1. An overview of the
Good table structure design is the cornerstone of high performance and should be designed in terms of the business queries that the system will perform, which often requires trade-offs. Poor table structure design, will waste a lot of development time, seriously delay the project development cycle, let a person very painful, and directly affect the performance of the database, and need to spend a lot of unnecessary optimization time, the effect is often not good.
There is an important design principle in database table design, called paradigm design.
2. Three paradigms
Normal Form comes from English Normal Form, NF for short. In order to design a good relationship, it is necessary to make the relationship satisfy certain constraints, which have been formed into a standard, divided into several levels, each of which is stricter than the other. A database that meets these specifications is clean, structured, and free of INSERT, DELETE, and update exceptions. The opposite is clutter, which not only creates problems for database programmers, but is also obnoxious and can store a lot of unnecessary information.
2.1 First normal Form
1NF is the atomicity constraint on attributes, which requires attributes to have atomicity and cannot be decomposed again.
The first paradigm emphasizes the atomicity of data tables and is the foundation of the other paradigms. For example, the following table:
The name-age column has two attributes, one name and one age, which does not conform to the first normal form.

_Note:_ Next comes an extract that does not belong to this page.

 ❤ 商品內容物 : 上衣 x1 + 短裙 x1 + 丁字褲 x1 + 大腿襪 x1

Split it into two columns:
The table above fits the first normal form relationship. However, in daily life, it is far from enough to standardize tables only with the first paradigm. There are still problems such as excessive data redundancy, abnormal deletion, abnormal insertion and abnormal modification. At this time, it is necessary to introduce the concept of normalization to transform it into more standardized tables and reduce data dependence.

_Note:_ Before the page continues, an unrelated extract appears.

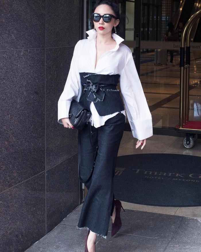 Mốt áo corset được nữ ca sĩ ứng dụng thành thục với trang phục mang hơi hướng cổ điển gồm những item đơn giản như quần denim ống rộng, áo sơ mi oversize kết hợp túi xách Chanel.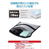 ■難燃性試験をクリアした生地を表と裏で二重に使い、収納物が発火した場合でも燃えにくい仕様です。

In fact, 1NF is the most basic requirement for any relational database. When you create a table in a relational database management system (RDBMS) such as SQL Server, Oracle, or MySQL, if the design of the table does not meet this basic requirement, the operation will not be successful. That is, any data table that already exists in an RDBMS must be 1NF compliant.
2.2 Second normal Form
2NF, which is a uniqueness constraint on records, requires that records have a unique identity, that is, the uniqueness of the entity.
The second normal form (2NF) is established on the basis of the first normal form (1NF), that is to satisfy the second normal form (2NF) must first satisfy the first normal form (1NF).
Second normal Form (2NF) requires that every instance or row in a database table must be uniquely locatable. Typically, implementations add a column to a table to store the unique identity of each instance. For example, an employee information table has an employee number (EMP_id) column, because each employee’s employee number is unique, so each employee can be uniquely distinguished. This unique attribute column is called the primary key or primary key, primary code. This means that there is only one business primary key in the table, and the second normal form (2NF) requires that the attributes of the entity depend entirely on the primary key.
Complete dependency means that there cannot be attributes that depend on only part of the primary key.
There are two tables: the order table and the product table.
If an order contains more than one product, it is expressed as follows:
Obviously, there are two identical order ID data in the order table, which cannot ensure its uniqueness and does not meet the second normal form. Moreover, there is no strong correlation between the product ID and the order ID, so the normal situation is to split the order table into the order table and the intermediate table of the order and the goods.
2.3 Third normal Form
3NF is a constraint on field redundancy, that is, no field can be derived from other fields. It requires that fields have no redundancy.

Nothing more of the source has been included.